Find the values:

Euler_Euclid

Find all values of p and q if p and q are prime numbers, [tex]p^2 + q^2 + 7pq[/tex] is a perfect square.

CRGreathouse

(p, p), (3, 11), (11, 3) all work. I'd suggest trying the equation mod 4 or 36 to see if you can rule out others.

Euler_Euclid

please explain the whole solution. It was an Olympiad question and all of my friends couldn't do it.

praharmitra

[tex]p^2 + 7pq + q^2[/tex]

For p = q, it reduces to [tex]9p^2 = (3p)^2[/tex]. It therefore is a perfect square.

You can put p = 2 and show that only q = 2 gives a feasible solution, which is covered in p = q. Thus, we conclude that p,q are both odd, and hence the value of the expression is odd

For other values

[tex]
p^2 + 7pq + q^2 = (p+q)^2 + 5pq = k^2[/tex]
[tex]
5pq = k^2 - (p+q)^2 = (k - p - q)(k + p + q)
[/tex]
Thus, since p and q are primes, the only possible solutions are

[tex]
1.k-p-q = 5, k+p+q = pq
[/tex]

From the above equations we get k = 5+p+q and hence
[tex]
5+2p+2q = pq
=> 5 + 2q = p(q-2)
=> p = \frac{2q+5}{q-2} = 2 + \frac{9}{q - 2} [/tex]
[tex]
=> q - 2 = 1, 3, or 9
[/tex]

This gives (p,q) = (11,3) or (5,5) or (3,11)

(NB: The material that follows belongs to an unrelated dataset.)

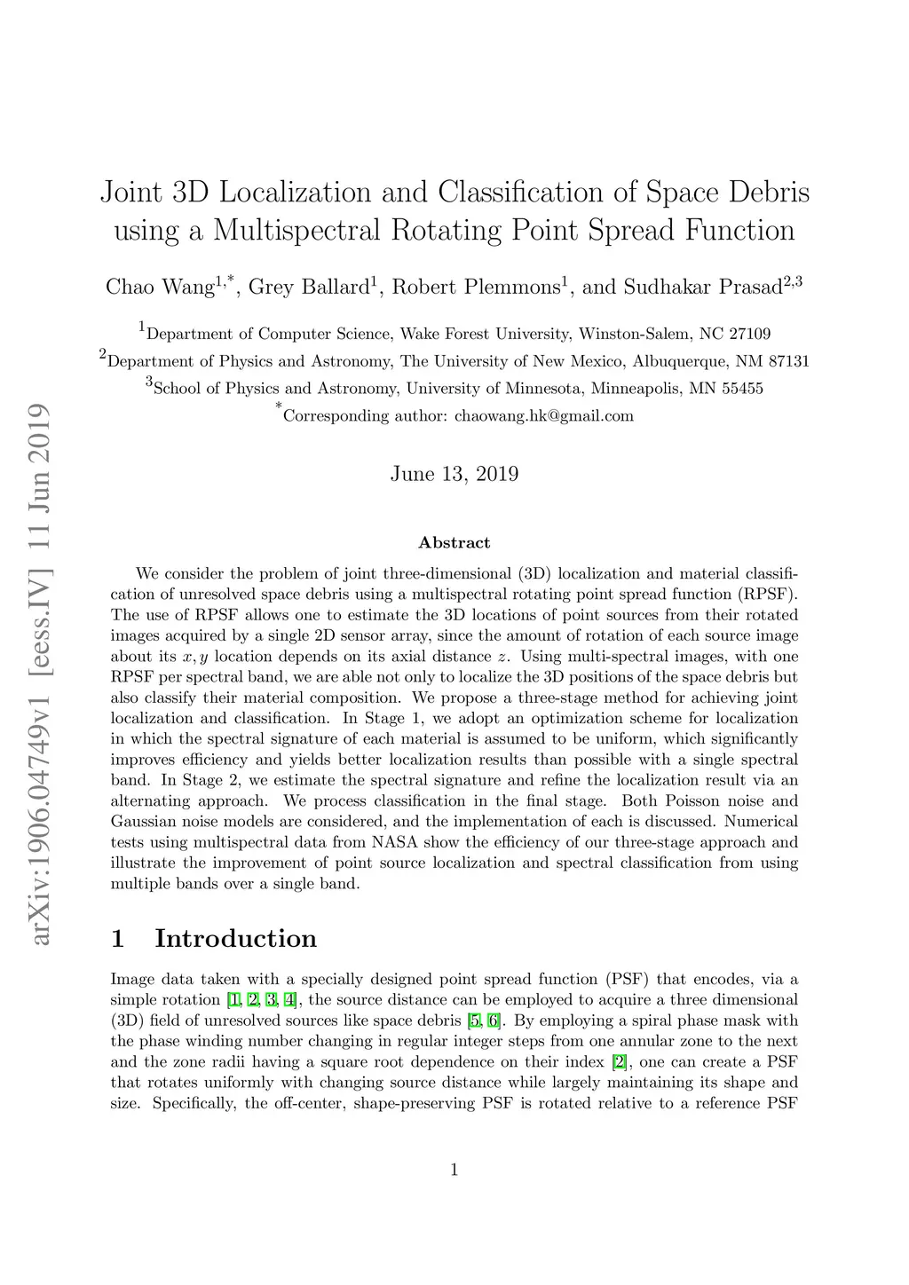 We consider the problem of joint three-dimensional (3D) localization and material classification of unresolved space debris using a multispectral rotating point spread function (RPSF). The use of RPSF allows one to estimate the 3D locations of point sources from their rotated images acquired by a single 2D sensor array, since the amount of rotation of each source image about its x, y location depends on its axial distance z. Using multi-spectral images, with one RPSF per spectral band, we are able not only to localize the 3D positions of the space debris but also classify their material composition. We propose a three-stage method for achieving joint localization and classification. In Stage 1, we adopt an optimization scheme for localization in which the spectral signature of each material is assumed to be uniform, which significantly improves efficiency and yields better localization results than possible with a single spectral band. In Stage 2, we estimate the spectral signature and refine the localization result via an alternating approach. We process classification in the final stage. Both Poisson noise and Gaussian noise models are considered, and the implementation of each is discussed. Numerical tests using multispectral data from NASA show the efficiency of our three-stage approach and illustrate the improvement of point source localization and spectral classification from using multiple bands over a single band.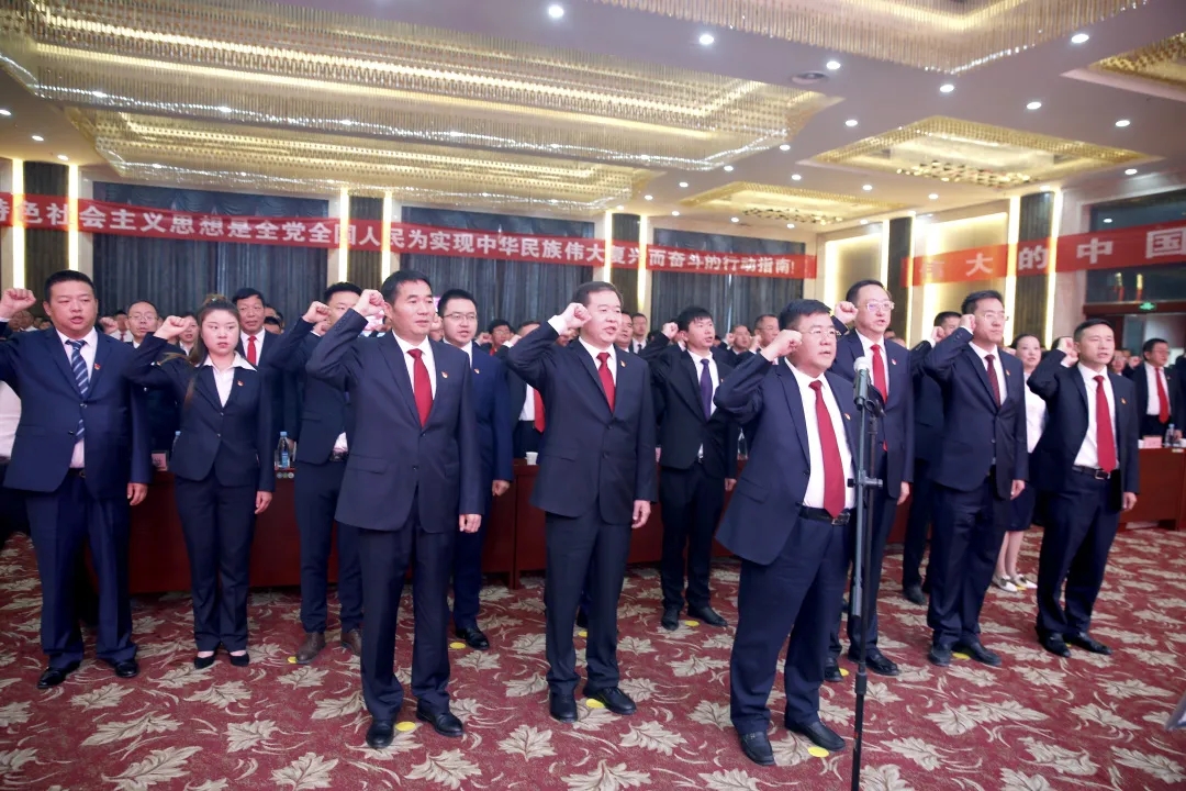 张永利带领新党员面对鲜红的党旗进行了庄严宣誓,全体参会党员同志集体重温入党誓词。通过庄重的宣誓仪式,让全体党员牢记共产党员的政治责任和历史使命,不断保持共产党员的先进性,切实发挥共产党员的模范作用,永葆共产党员的政治本色。

The other possibilites are

[tex]
2. k-p-q = 5p, k+p+q = q [/tex](no solution)
[tex]
3. k+p+q = 5, k-p-q = pq [/tex](no solution)
[tex]
4. k+p+q = 5p, k-p-q = q [/tex](gives p = q)

Thus, the only possible solutions are (p,p), (3,11) and (11,3)

snipez90

Nice solution praharmitra. I saw the decomposition as well but didn't complete the solution since I didn't analyze the small cases at first. I have to remember that even/odd parity analysis is always a good first step in number theory equations.